As noted by Judge Stuart M. Bernstein in his decision enjoining prosecution of the Goldman Parties’ third complaint, Sec. Inv. Prot. Corp. v. Bernard L. Madoff Inv. Sec. LLC, 546 B.R. 284, 288 (Bankr. S.D.N.Y. 2016) (“Goldman III”), the background to these proceedings has been recounted in A & G Goldman P’ship v. Picard (In re BLMIS), No. 12-cv-6109 (RJS), 2013 WL 5511027, at *1-3 (S.D.N.Y. Sept. 30, 2013). (“Goldman I District Court Opinion”) and Picard v. Marshall (In re BLMIS), 511 B.R. 375, 379-386 (Bankr. S.D.N.Y. 2014) (“Fox II BK Opinion”), aff'd sub nom. In re Madoff, 531 B.R. 345 (S.D.N.Y. 2015) (“Fox II District Court Opinion”). This Court assumes familiarity with these decisions, as well as familiarity with Bernard Madoffs infamous Ponzi scheme, and therefore, provides below only a brief discussion of the background facts necessary to provide context for the Court’s resolution of this appeal.

A. Bernard Madoffs Ponzi Scheme

Over many years, Bernard Madoff “represented to customers that he invested their funds according to a ‘split-strike’ investment strategy.” Goldman I District Court Opinion, 2013 WL 5511027, at *1 (citation omitted). This strategy purportedly entailed investing in S&P 100 stocks and hedging the investments through the use of options. In fact, however, “customer funds were rarely invested and used mainly ■ to pay withdrawals for other customers.” Id. Madoff was arrested in December 2008 and “[i]n March 2009, Madoff pleaded guilty to securities fraud and admitted that he had used [BLMIS] as a vast Ponzi scheme.” Picard v. JPMorgan Chase & Co. (In re Bernard L. Madoff Inv. Sec. LLC), 721 F.3d 54, 59 (2d Cir. 2013). As Judge Bernstein noted in Goldman III, Madoff “conducted the largest Ponzi scheme in history through BLMIS until its collapse and his arrest.” 546 B.R. at 288.

Following Madoffs arrest, upon application by the Securities Investment Protection Corporation, the United States District Court for the Southern District of New York entered a protective order placing BLMIS — the investment “firm” used to effectuate Madoffs Ponzi scheme — in liquidation under the Securities Investor Protection Act (“SIPA”) and appointing Irving Picard as the Trustee.
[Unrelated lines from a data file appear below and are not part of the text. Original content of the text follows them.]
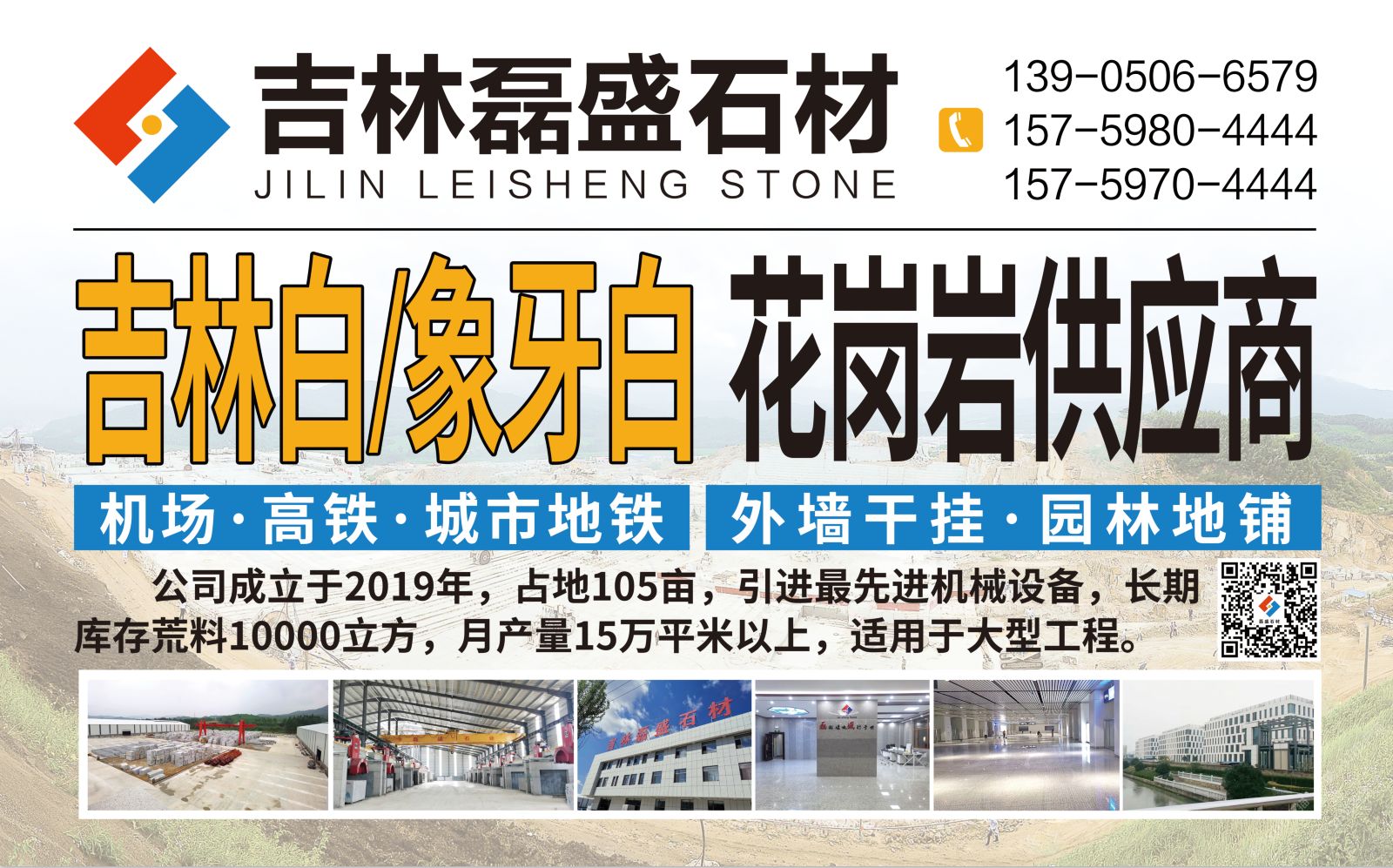 吉林磊盛石材有限公司成立于2019年占地105畝,引進(jìn)進(jìn)機(jī)械設(shè)備,月產(chǎn)吉林白(象牙白)20萬平方。長(zhǎng)期庫(kù)存荒料10000立方 ,適用工程:(機(jī)場(chǎng),高鐵,城市地鐵,外墻干掛,園林地鋪)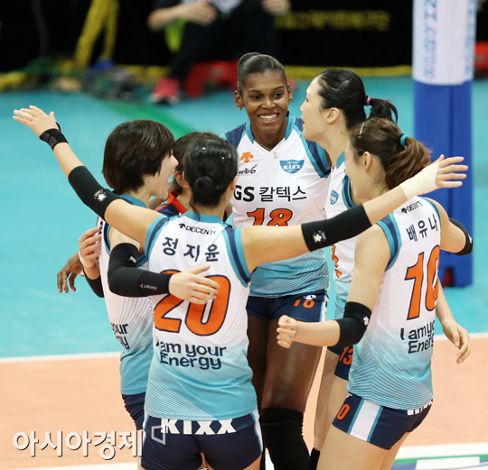 [수원=아시아경제 정재훈 기자] 17일 오후 수원실내체육관에서 열린 NH농협 2013-2014 V리그 여자부 현대건설과 GS칼텍스의 경기. GS칼텍스 선수들이 득점에 기뻐하고 있다.정재훈 기자 roze@asiae.co.kr<ⓒ세계를 보는 창 경제를 보는 눈, 아시아경제(www.asiae.co.kr) 무단전재 배포금지>정재훈 사진기자 roze@asiae.co.kr<ⓒ아시아 대표 석간 '아시아경제' (www.newsva.co.kr) 무단전재 배포금지>
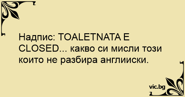 Надпис: TOALETNATA E CLOSED... какво си мисли този които не разбира англииски.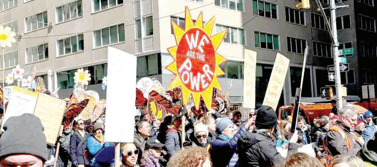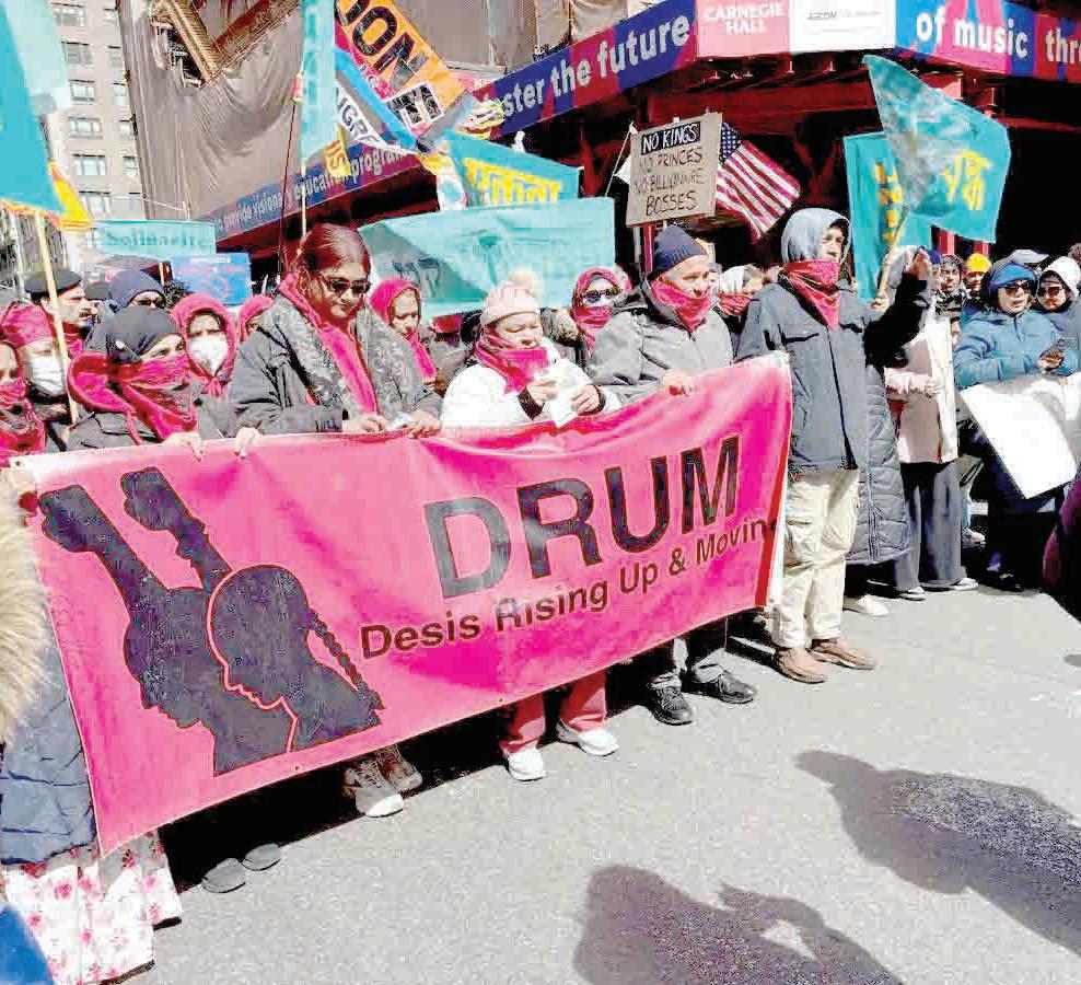 En Nueva York, decenas de miles -una de las organizaciones convocantes calculó 350 milmarcharon desde Central Park hasta la Calle 34, pasando por Times Square, y llegando a tal dimensión que tuvo que haber una marcha paralela por Broadway, ocupando por completo las dos avenidas. Marcharon en contingentes diversos sindicalistas del gremio de servicios, empleados universitarios, maestros de escuelas públicas, y más, mezclados con organizaciones de trabajadores de India y Bangladesh, agrupaciones en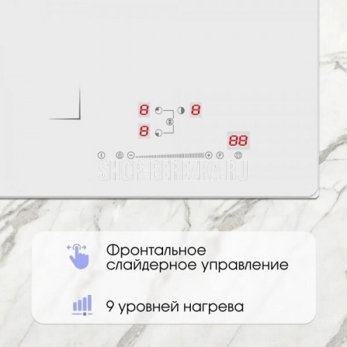 Общие параметры: 3 ИНДУКЦИОННЫХ ЭЛЕМЕНТА • 160 мм, 1200 Вт (бустер 1500 Вт) • 180 мм, 2000 Вт (бустер 2300 Вт) • 210 мм, 2300 Вт (бустер 2600 Вт) Общая мощность: 5800 Вт • Расширенная FLEX-зона 180х385 мм, 3000 Вт (бустер 3600 Вт) • Сенсорный слайдер • Инверторная технология нагрева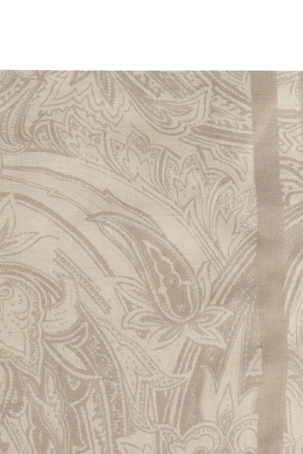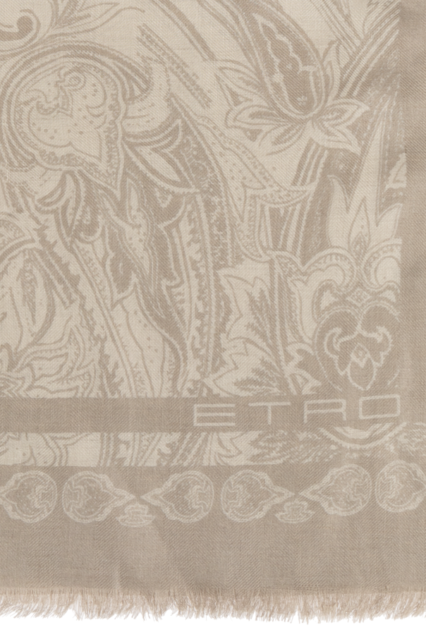 Introducing the epitome of sophistication and luxury, the Decorative Pattern Scarf from Etro's exclusive collection. This rectangular, classic scarf boasts an expansive surface, allowing for versatile styling options. The scarf is adorned with an exquisite paisley pattern, intricately woven into the fabric, imbuing it with an elegant and refined appearance. The delicate structure of the pattern enhances its luxurious appeal. Crafted from a blend of high-quality modal and cashmere, this scarf offers unparalleled softness and a gentle touch against the skin. The frayed edges on one end add a distinctive charm, while the "ETRO" inscription and additional border details further highlight its exclusivity. Available in a timeless gray-beige hue, this scarf effortlessly complements a myriad of ensembles, making it a versatile addition to any wardrobe. Whether for everyday wear or special occasions, it elevates any outfit with a touch of elegance. Why Choose This Product? Luxurious Material: Made from a premium blend of modal and cashmere for ultimate comfort and softness. Elegant Design: Features a sophisticated paisley pattern and frayed edges for a unique look. Versatile Color: The gray-beige shade ensures it pairs perfectly with various styles and occasions. Exclusive Branding: The "ETRO" inscription confirms its prestigious origin.

The district court then referred the case to the bankruptcy court. The Trustee thereafter “brought approximately 1,000 adversary proceedings to avoid and recover the transfers from BLMIS to its customers.” Id.

B. The SIPA Liquidation of BLMIS

SIPA “establishes procedures for the expeditious and orderly liquidation of failed broker-dealers, and provides special protections to their customers.” In re Bernard L. Madoff Inv. Sec. LLC, 740 F.3d 81, 85 (2d Cir. 2014) (“Marshall”). A trustee’s “primary duty under SIPA is to liquidate the broker-dealer and, in doing so, satisfy claims made by or on behalf of the broker-dealer’s customers for cash balances.” Id. (citation omitted); see also In re Madoff, [514]*514848 F.Supp.2d 469, 473 (2012) (“Fox I District Court Opinion”) (“Under SIPA, Pi-card has the powers and duties of a bankruptcy trustee, and is charged with, among other things, recovering ■ the property of BLIMIS’ customers, and distributing those assets.”) (citing 15 U.S.C. §§ 78fff-1(a)-(b)).

“A SIPA liquidation confers priority on customer claims by an expeditious alternative to a traditional bankruptcy proceeding.” JPMorgan, 721 F.3d at 59. “In a SIPA liquidation, a fund of ‘customer property5 is established — consisting of cash and securities held by the broker-dealer for the account of a customer, or proceeds therefrom ... for priority distribution exclusively among customers,” and property is allocated by the trustee so that customers “share ratably in such customer property ... to the extent of their respective net equities.” Marshall, 740 F.3d at 85.

In order to calculate a customer’s “net equity” in the liquidation of BLMIS, Pi-card chose the “ ‘net investment method,’ under which the amount owed to each customer by BLMIS was ‘the amount of cash deposited by the customer into his BLMIS customer account less any amounts already withdrawn by him.’ ” Marshall, 740 F.3d at 85 (quoting Sec. Investor Prot. Corp. v. Bernard L. Madoff Inv. Sec. LLC (In re Bernard L. Madoff Inv. Sec. LLC), 424 B.R. 122, 125 (Bankr. S.D.N.Y. 2010)). The decision to use the net investment method was approved by the Bankruptcy Court on March 1, 2010, and later affirmed by the Second Circuit. In re Bernard L. Madoff Inv. Sec. LLC, 424 B.R. at 135, 140, aff'd sub nom. In re Bernard L. Madoff Inv. Securities LLC, 654 F.3d 229 (2d Cir. 2011). “BLMIS customers who had withdrawn more from their BLMIS accounts than their principal investments, so-called ‘net winners,’ are not entitled to a share of the property recovered by the Trustee until all ‘net losers’ have received back their principal investments.” Fox I District Court Opinion, 848 F.Supp.2d at 473-74 (internal citations omitted); see also Marshall, 740 F.3d at 85 (“BLMIS customers had net equity only to the extent that their total cash deposits exceeded their total cash withdrawals.”).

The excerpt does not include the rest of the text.